Inside a Colorado interrogation room, Denver Police Detective Nash Gurule knew he had the man responsible for the murder of missing 19-year-old Kenia Monge.
All he had to do was get Travis Forbes to confess.
Forbes had been picked up by Fort Collins authorities in connection with another crime — the beating and sexual assault of 30-year-old Lydia Tillman — and Det. Gurule was visiting Forbes in the hope of eliciting more information about Monge’s disappearance.
Prior to his arrest, Forbes, a local baker, had told investigators that he met Monge on the streets of downtown Denver the evening of March 31, 2011. Monge was intoxicated and visibly upset, and he offered to give her a ride home in his white cargo van, said Forbes.
On the way, Monge wanted a cigarette, so they stopped at a Conoco gas station, where Monge reportedly met a fellow smoker and wandered off with him. Forbes said that was the last he saw of her and denied having anything to do with her disappearance.

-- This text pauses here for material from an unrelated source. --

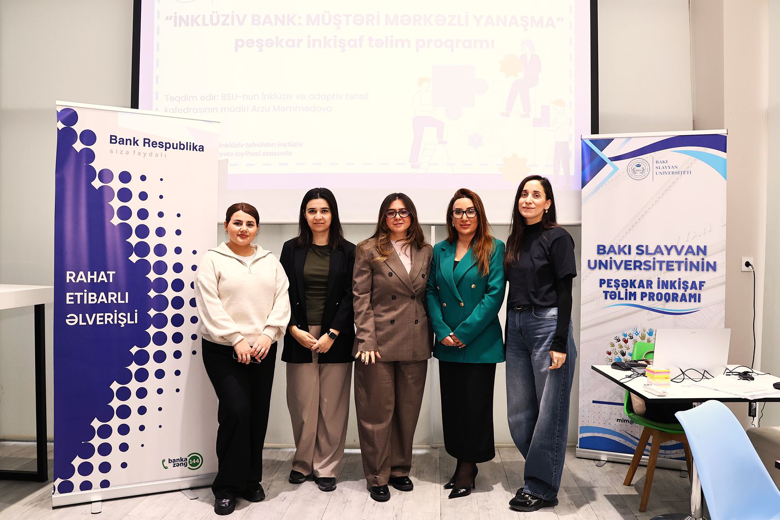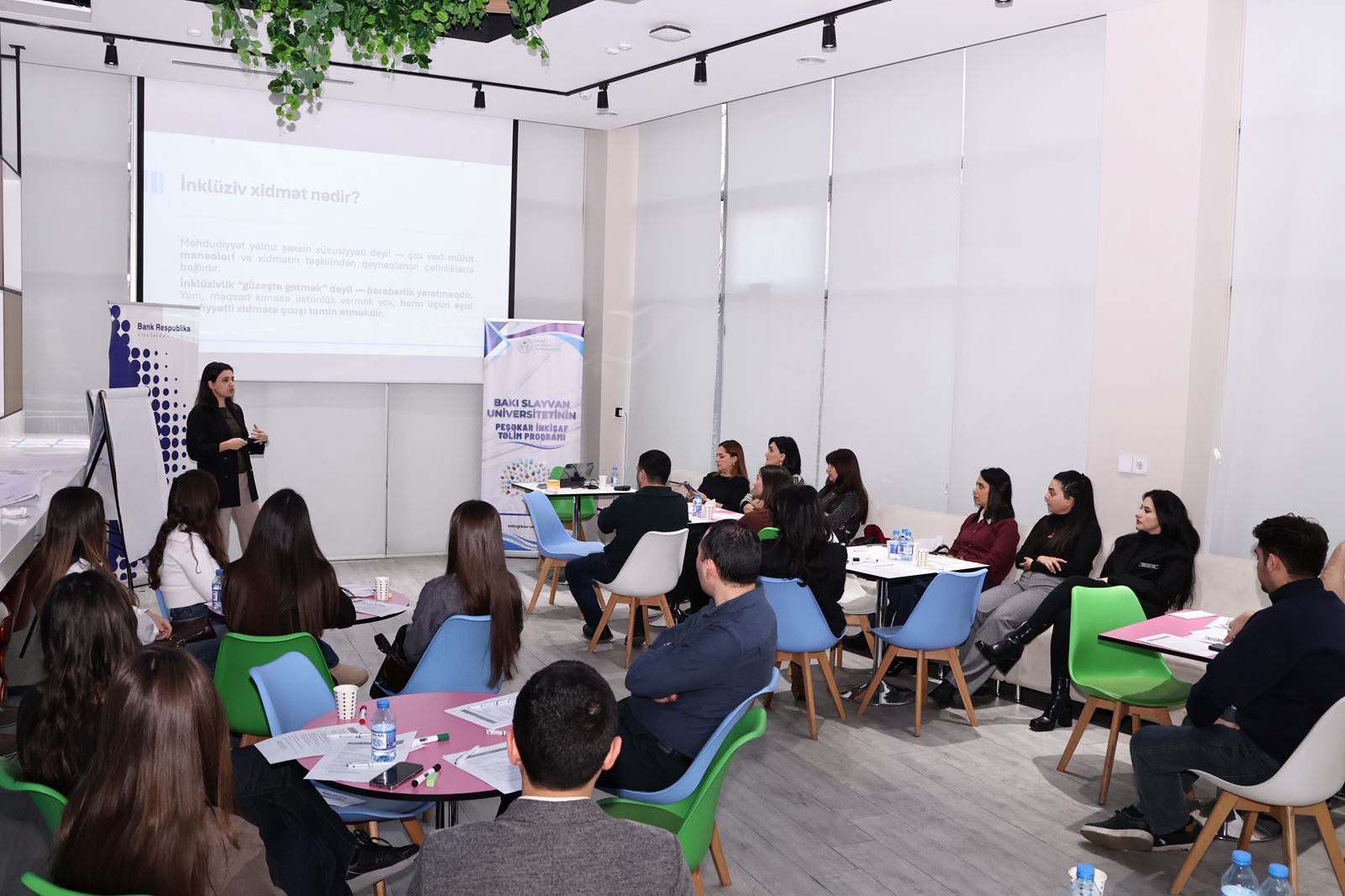 Yanvarın 24-də Bakı Slavyan Universitetinin (BSU) “İnklüziv təhsildən inklüziv cəmiyyətə” layihəsi çərçivəsində Bank Respublikanın rəsmi müraciətinə əsasən bankın Müştəri xidmətləri departamentinin əməkdaşları üçün  “İnklüziv bankçılıq”  peşəkar  təlim proqramı təşkil olunub.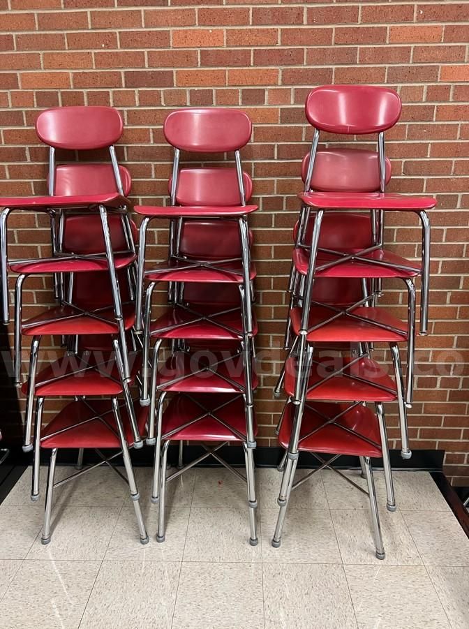 | Item: | Red Metal Chrome Frame Chairs x15 (3 out of 7) |

Detectives were suspicious of Forbes’ story, and when they searched the back of his van, which he used to deliver his gluten-free granola bars, they were hit with the overwhelming smell of bleach. New carpet had also been placed down on the floor.
“It didn’t sit right with the officers … Everybody’s thinking, ‘Something’s up with this guy,’” Det. Gurule told “Criminal Confessions,” airing Saturdays at 6/5c on Oxygen.
Following his initial interview, Forbes agreed to come back for a polygraph test, but he never showed up. And with no physical evidence tying him to Monge’s disappearance, detectives were unable to bring charges against him.
Several months later, however, when Forbes was taken into custody by Fort Collins investigators, it seemed the 31-year-old was done running.
“I wanna confess,” he told Det. Gurule. “I wanna confess so bad.”
In exchange for his testimony, Fobes requested one thing — to carry out his prison sentence without being labeled a sex offender.
“Because if I go to prison as a sex offender, I’m f**ked,” he said.
Along with pleading guilty to Monge’s murder, Forbes agreed to show investigators where he had buried her remains. He directed detectives to a small grove of trees near an interstate in neighboring Keenesburg, about 40 miles outside of Denver. Her body was unearthed by crime scene analysts hours later.
Back at the Fort Collins Police Department, Det. Gurule and Denver Police Det. Louis Estrada interviewed Forbes about the night he murdered Monge. As he originally claimed, Forbes said he found Monge intoxicated around the downtown area and picked her up. While in the van, she “passed out,” said Forbes.
“I definitely took advantage of her being drunk,” he told investigators, confessing that he “had sex with her” in the back of the vehicle while she was unconscious.
“She kinda came to and she realized that we had had sex. And she started hitting me, and I started hitting her back … And then she started to scream,” Forbes said. “And I strangled her, I strangled her, I strangled her. I killed her.”
Forbes drove around with Monge’s remains in the back of his van for an entire day, hiding her body inside a cooler, which he then wheeled into a freezer at the bakery where he made his granola bars.
“I cut Kenia’s clothes off, and I burned ‘em. I burned everything that she touched, and then I drove to where I took you guys today,” he said.
Forbes ultimately pleaded guilty to first-degree murder and was sentenced to life in prison without the possibility of parole. He also pleaded guilty to the attempted murder of Tillman and was given 48 years.